Print the following entries without any change.
───── Input data
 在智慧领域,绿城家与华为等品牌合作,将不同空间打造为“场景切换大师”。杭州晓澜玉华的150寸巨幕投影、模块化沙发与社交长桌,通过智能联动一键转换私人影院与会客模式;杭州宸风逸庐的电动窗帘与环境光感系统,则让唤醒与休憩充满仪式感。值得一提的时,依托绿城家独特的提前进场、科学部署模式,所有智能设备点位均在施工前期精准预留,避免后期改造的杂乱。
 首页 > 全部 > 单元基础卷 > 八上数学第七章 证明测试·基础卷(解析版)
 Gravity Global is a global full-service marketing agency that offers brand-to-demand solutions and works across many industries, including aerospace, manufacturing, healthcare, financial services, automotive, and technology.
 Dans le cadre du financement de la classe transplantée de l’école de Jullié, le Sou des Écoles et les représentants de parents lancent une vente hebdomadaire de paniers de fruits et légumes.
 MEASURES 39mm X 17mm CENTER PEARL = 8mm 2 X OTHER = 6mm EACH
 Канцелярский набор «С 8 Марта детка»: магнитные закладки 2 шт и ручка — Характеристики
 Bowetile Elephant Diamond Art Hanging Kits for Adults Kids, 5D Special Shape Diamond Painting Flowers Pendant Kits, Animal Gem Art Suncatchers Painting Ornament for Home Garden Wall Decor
──────────
Response box |
 在智慧领域,绿城家与华为等品牌合作,将不同空间打造为“场景切换大师”。杭州晓澜玉华的150寸巨幕投影、模块化沙发与社交长桌,通过智能联动一键转换私人影院与会客模式;杭州宸风逸庐的电动窗帘与环境光感系统,则让唤醒与休憩充满仪式感。值得一提的时,依托绿城家独特的提前进场、科学部署模式,所有智能设备点位均在施工前期精准预留,避免后期改造的杂乱。
 首页 > 全部 > 单元基础卷 > 八上数学第七章 证明测试·基础卷(解析版)
 Gravity Global is a global full-service marketing agency that offers brand-to-demand solutions and works across many industries, including aerospace, manufacturing, healthcare, financial services, automotive, and technology.
 Dans le cadre du financement de la classe transplantée de l’école de Jullié, le Sou des Écoles et les représentants de parents lancent une vente hebdomadaire de paniers de fruits et légumes.
 MEASURES 39mm X 17mm CENTER PEARL = 8mm 2 X OTHER = 6mm EACH
 Канцелярский набор «С 8 Марта детка»: магнитные закладки 2 шт и ручка — Характеристики
 Bowetile Elephant Diamond Art Hanging Kits for Adults Kids, 5D Special Shape Diamond Painting Flowers Pendant Kits, Animal Gem Art Suncatchers Painting Ornament for Home Garden Wall Decor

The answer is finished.